Real-World Considerations

Legal and Ethical Considerations

Always, ensure you have proper authorization to perform penetration testing. Also, Work Profile applications often contain sensitive corporate data and you should always follow your organization’s data handling policies. Finally, document your testing methodology for compliance purposes and also for keeping track of evidences.

Testing Limitations

Mobile Pentesting have never been easy to test. While I have achieved the goal and extracted the APK, using the application outside the Work Profile behave differently, requiring Intune enrollment, thus some enterprise features may not function without MDM enrollment.

This is why you should use this only to focus on static analysis and code-level vulnerabilities, as well as you should consider the impact of missing Work Profile context while documenting the indetified security findings.

Lessons Learned

Key Takeaways

1. Work Profile Isolation is Effective: The security boundaries between Work Profile and personal profiles are robust and difficult to bypass
2. Application Distribution vs. Restriction: Many “Work Profile only” applications are actually standard APKs with distribution restrictions rather than technical limitations
3. Manual Workarounds Exist: Creative approaches like profile-to-profile transfers can bypass extraction restrictions
4. Automation is Valuable: Tools like MMSF significantly reduce the time and effort required for these complex extraction processes
5. Documentation Matters: Keeping detailed records of failed attempts helps identify successful approaches

Future Considerations

• MDM policies will likely become more restrictive over time
• New Android versions may close current extraction methods, but always there would be some other possibilities
• Enterprise applications may implement additional anti-tampering measures

Conclusion

The challenge of extracting APKs from Work Profile applications on Intune-enrolled devices requires creative solutions. Traditional extraction methods often fail due to enhanced security restrictions, user profile isolation, and MDM policies. However, the approach of transferring applications from Work Profile to personal profile and then extracting them provides a viable workaround.

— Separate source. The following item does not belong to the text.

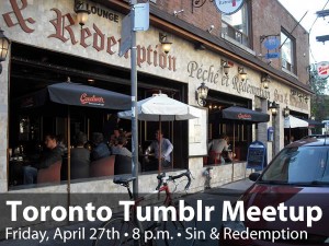 toronto tumblr meetup Post author By Joey deVilla Post date April 26, 2012 No Comments on toronto tumblr meetup Leave a ReplyYou must be logged in to post a comment.
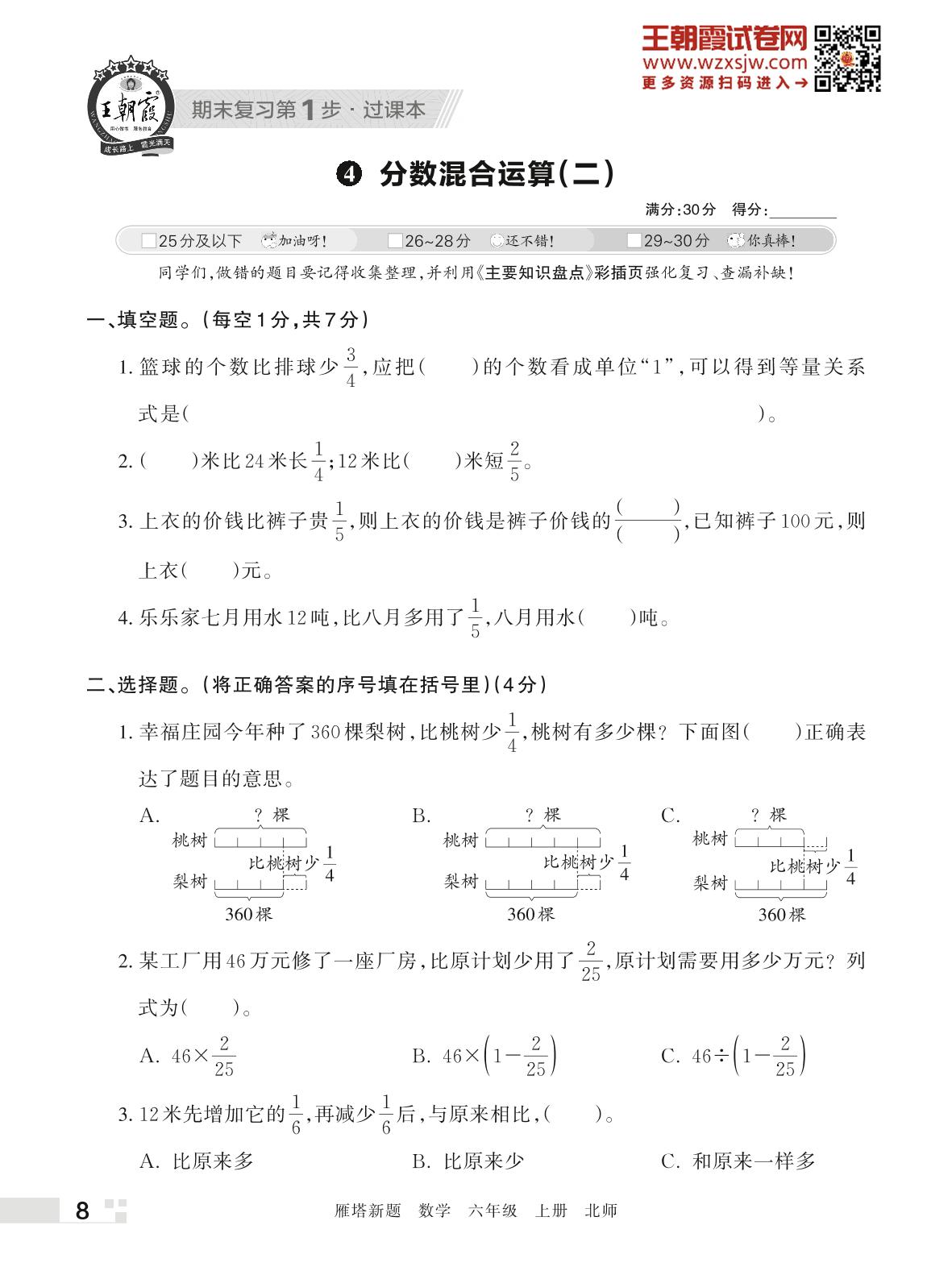 王朝霞期末过课本——4 分数混合运算(二)六年级上册数学(北师版)_R221123170916210

The key insight is that many enterprise applications are not inherently restricted to Work Profile environments – the restriction is often in the distribution mechanism. By transferring the application to a personal profile, we can bypass these restrictions and perform standard APK extraction.

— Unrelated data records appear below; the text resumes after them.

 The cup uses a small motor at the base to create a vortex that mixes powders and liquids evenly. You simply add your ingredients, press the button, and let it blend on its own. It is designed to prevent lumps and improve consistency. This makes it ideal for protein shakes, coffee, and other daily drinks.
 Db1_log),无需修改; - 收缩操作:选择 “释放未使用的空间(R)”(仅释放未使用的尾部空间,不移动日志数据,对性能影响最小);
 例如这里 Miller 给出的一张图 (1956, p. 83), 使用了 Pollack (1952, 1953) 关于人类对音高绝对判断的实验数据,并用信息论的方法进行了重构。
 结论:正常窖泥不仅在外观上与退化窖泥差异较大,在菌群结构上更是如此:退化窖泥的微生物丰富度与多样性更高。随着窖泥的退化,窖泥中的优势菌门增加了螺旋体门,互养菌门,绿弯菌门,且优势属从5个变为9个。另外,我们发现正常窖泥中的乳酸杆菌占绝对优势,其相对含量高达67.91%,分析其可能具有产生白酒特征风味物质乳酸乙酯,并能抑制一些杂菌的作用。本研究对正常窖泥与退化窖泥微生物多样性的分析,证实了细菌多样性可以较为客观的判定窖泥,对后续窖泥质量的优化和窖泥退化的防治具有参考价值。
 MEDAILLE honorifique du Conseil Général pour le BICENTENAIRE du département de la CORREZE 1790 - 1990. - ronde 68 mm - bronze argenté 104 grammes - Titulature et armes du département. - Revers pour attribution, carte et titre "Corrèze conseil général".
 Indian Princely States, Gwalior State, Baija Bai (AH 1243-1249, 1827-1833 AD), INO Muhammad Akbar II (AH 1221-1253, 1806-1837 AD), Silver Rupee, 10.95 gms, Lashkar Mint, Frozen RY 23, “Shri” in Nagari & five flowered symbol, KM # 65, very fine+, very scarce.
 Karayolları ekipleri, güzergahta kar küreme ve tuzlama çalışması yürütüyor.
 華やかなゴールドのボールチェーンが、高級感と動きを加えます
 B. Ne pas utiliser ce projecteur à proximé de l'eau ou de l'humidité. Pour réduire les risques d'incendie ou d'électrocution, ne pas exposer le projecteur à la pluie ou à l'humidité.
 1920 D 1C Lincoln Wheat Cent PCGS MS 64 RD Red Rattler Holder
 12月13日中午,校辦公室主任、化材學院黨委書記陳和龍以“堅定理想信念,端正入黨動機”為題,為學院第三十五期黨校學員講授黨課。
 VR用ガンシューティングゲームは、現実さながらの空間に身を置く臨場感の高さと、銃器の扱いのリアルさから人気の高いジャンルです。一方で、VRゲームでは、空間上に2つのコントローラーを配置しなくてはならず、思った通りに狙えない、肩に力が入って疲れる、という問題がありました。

MMSF’s Work Profile module automates this process, making it more efficient and reliable for penetration testers to pull the APK from the device.

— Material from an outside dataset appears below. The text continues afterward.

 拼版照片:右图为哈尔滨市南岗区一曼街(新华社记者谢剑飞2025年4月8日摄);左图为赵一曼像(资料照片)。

As mobile security continues to evolve, staying adaptable and creative in our approaches will be essential for effective penetration testing. The methods described here represent current solutions, but the ongoing cat-and-mouse game between security measures and testing techniques means that continuous learning and adaptation are necessary.

Remember that successful mobile penetration testing requires not just technical skills, but also proper authorization, ethical considerations, and a thorough understanding of the enterprise environment you’re testing.